* WHAT THE TASK REQUIRES: Your answer must be a word-for-word copy of the listing below, minus its pictures.

* DATA BELOW:

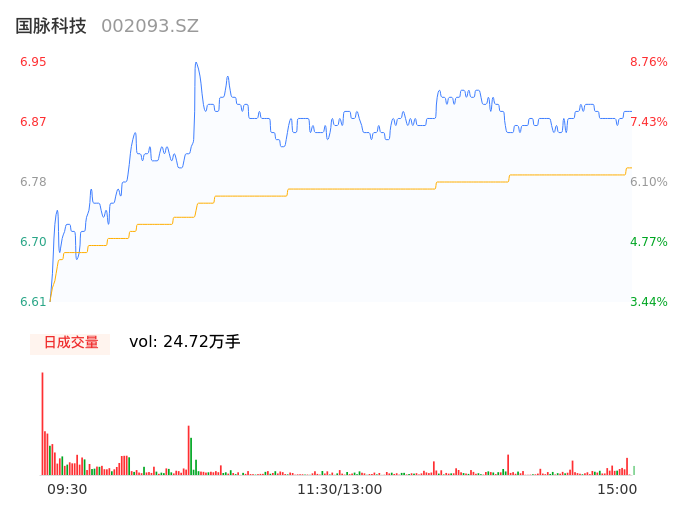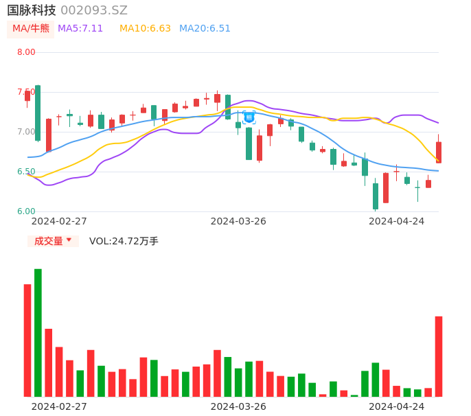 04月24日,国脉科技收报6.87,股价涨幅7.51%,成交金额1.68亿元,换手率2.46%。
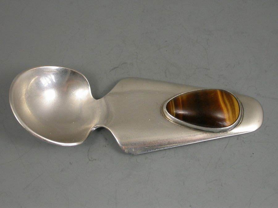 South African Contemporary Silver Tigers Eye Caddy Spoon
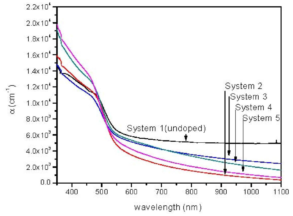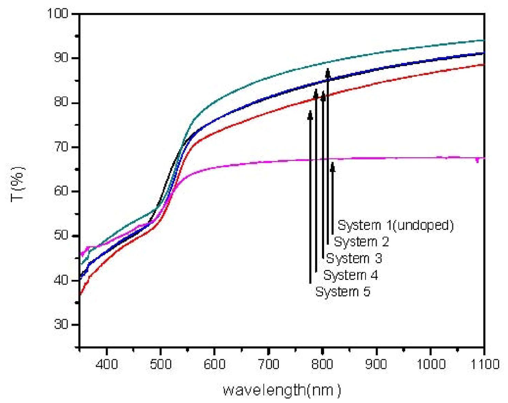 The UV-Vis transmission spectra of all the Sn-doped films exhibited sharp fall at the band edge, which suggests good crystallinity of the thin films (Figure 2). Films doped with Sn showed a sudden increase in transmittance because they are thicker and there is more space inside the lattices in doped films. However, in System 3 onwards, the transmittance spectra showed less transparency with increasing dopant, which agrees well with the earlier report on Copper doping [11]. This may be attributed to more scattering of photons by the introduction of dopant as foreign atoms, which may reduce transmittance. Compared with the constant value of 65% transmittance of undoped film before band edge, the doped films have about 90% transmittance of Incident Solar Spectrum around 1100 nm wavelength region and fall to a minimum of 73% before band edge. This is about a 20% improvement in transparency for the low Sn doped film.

* TASK ANSWER:
 04月24日,国脉科技收报6.87,股价涨幅7.51%,成交金额1.68亿元,换手率2.46%。
 South African Contemporary Silver Tigers Eye Caddy Spoon
 The UV-Vis transmission spectra of all the Sn-doped films exhibited sharp fall at the band edge, which suggests good crystallinity of the thin films (Figure 2). Films doped with Sn showed a sudden increase in transmittance because they are thicker and there is more space inside the lattices in doped films. However, in System 3 onwards, the transmittance spectra showed less transparency with increasing dopant, which agrees well with the earlier report on Copper doping [11]. This may be attributed to more scattering of photons by the introduction of dopant as foreign atoms, which may reduce transmittance. Compared with the constant value of 65% transmittance of undoped film before band edge, the doped films have about 90% transmittance of Incident Solar Spectrum around 1100 nm wavelength region and fall to a minimum of 73% before band edge. This is about a 20% improvement in transparency for the low Sn doped film.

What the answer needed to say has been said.